#### Problem requirements:
Beneath this line are the data; copy exactly the part of them that opens with the line containing "During the next" and closes with the line containing "2018年9月3日上午,我院", and only that part.

#### Provided records:
────────
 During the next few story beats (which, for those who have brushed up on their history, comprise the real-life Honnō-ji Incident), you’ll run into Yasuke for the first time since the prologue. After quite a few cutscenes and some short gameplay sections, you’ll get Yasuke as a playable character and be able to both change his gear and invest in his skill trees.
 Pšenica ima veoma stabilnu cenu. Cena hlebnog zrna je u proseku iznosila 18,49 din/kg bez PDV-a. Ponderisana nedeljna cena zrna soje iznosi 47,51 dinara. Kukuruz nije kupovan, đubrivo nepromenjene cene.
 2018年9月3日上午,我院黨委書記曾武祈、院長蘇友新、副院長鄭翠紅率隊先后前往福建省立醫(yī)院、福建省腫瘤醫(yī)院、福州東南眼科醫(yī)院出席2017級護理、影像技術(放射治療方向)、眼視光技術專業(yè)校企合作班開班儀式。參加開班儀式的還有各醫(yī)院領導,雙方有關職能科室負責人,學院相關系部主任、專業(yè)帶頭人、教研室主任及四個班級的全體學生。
────────
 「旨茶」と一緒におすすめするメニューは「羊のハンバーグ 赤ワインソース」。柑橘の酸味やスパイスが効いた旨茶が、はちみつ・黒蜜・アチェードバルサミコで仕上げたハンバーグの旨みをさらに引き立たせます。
────────
#### Reply to the task:
 During the next few story beats (which, for those who have brushed up on their history, comprise the real-life Honnō-ji Incident), you’ll run into Yasuke for the first time since the prologue. After quite a few cutscenes and some short gameplay sections, you’ll get Yasuke as a playable character and be able to both change his gear and invest in his skill trees.
 Pšenica ima veoma stabilnu cenu. Cena hlebnog zrna je u proseku iznosila 18,49 din/kg bez PDV-a. Ponderisana nedeljna cena zrna soje iznosi 47,51 dinara. Kukuruz nije kupovan, đubrivo nepromenjene cene.
 2018年9月3日上午,我院黨委書記曾武祈、院長蘇友新、副院長鄭翠紅率隊先后前往福建省立醫(yī)院、福建省腫瘤醫(yī)院、福州東南眼科醫(yī)院出席2017級護理、影像技術(放射治療方向)、眼視光技術專業(yè)校企合作班開班儀式。參加開班儀式的還有各醫(yī)院領導,雙方有關職能科室負責人,學院相關系部主任、專業(yè)帶頭人、教研室主任及四個班級的全體學生。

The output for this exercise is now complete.